Fairfax County’s elected leadership is standing firm in efforts to have the state government fulfill its responsibility for housing those sentenced to incarceration.
But exactly how local leaders will deliver that message in advance of the 2025 General Assembly session remains a work in progress.
At a legislative committee meeting on Tuesday (Oct. 29), the Board of Supervisors discussed further refinement of draft language on state-versus-local responsibilities related to incarceration. The committee previously raised the issue on Oct. 15.
If it’s approved by the board next month, the final proposal will be sent as part of a package of priorities to local members of the General Assembly in advance of their upcoming session.
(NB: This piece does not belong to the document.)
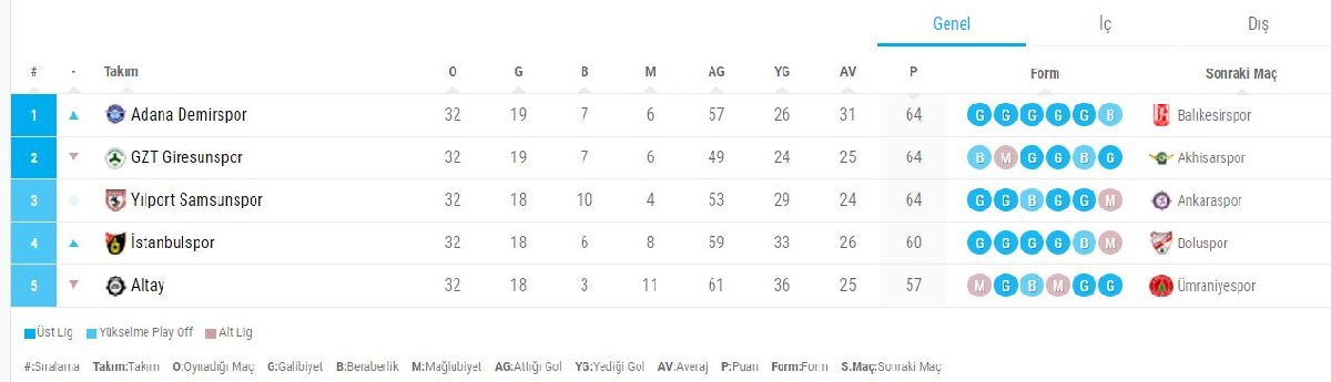 Tuzlaspor'u mağlup eden Adana Demirspor 32. hafta itibariyle 64 puanla ligin liderliğine yerleşti, Giresunspor ve Samsunspor ise aynı puan ve averajla sırasıyla 2. ve 3. sırada yer aldı.

During yesterday’s meeting, the supervisors debated how firmly they should press for anyone incarcerated for more than a year to be housed in state-run facilities.
In some cases, individuals who are supposed to be housed in state prisons by state law are left in county or regional jails if their terms are for more than one year but less than two. The localities receive a per-diem payment for each incarceree, but it runs well below the actual cost of housing them, Fairfax officials say.
“The state should be responsible — legally they’re responsible, but historically they have not been,” said Braddock District Supervisor James Walkinshaw, who chairs the legislative committee.
Mount Vernon District Supervisor Dan Storck raised a red flag on the proposed language, which would ask the General Assembly to require state-prison incarceration for those sentenced to more than 12 months of confinement but give local officials the option to request that they stay in local facilities.
According to Storck, those facing lengthy confinements should be in the state prison system, because it offers training programs and other support “essential for helping people to move forward with their lives” when they’re released.
That was no dig at Fairfax County Sheriff Stacey Kincaid or her staff, Storck said, but rather an acknowledgment that the two levels of incarceration sometimes serve different purposes. Local jails “just don’t have the space and the programs” of state prisons, he said.
“We should be advocating for inmates to get into the state system,” Storck said, arguing for removing the language allowing a local option.
A representative of the Fairfax County Sheriff’s Office told supervisors that there needs to be wiggle room in the final language. Some inmates in the Fairfax County Adult Detention Center participate in specialized local programs and likely wouldn’t benefit from a move to the state system.
Currently, the number of those incarcerated in Fairfax but eligible to be housed in the state system is “very small,” sheriff’s personnel said. But Storck countered that it ebbs and flows over time.
“A few years ago, it was a huge number,” he said.
As of fiscal year 2023, the county jail housed an average of 659 people per day, according to the sheriff’s office’s most recent annual report. It had 168 state prisoners who were transferred to Virginia Department of Corrections facilities that year.
The final draft of the county board’s legislative program for the General Assembly will be released on Nov. 14 for public review. A public hearing is slated for Nov. 19 before the supervisors vote on the package.
The 2025 General Assembly session opens on Jan. 8 and is slated to run 46 days.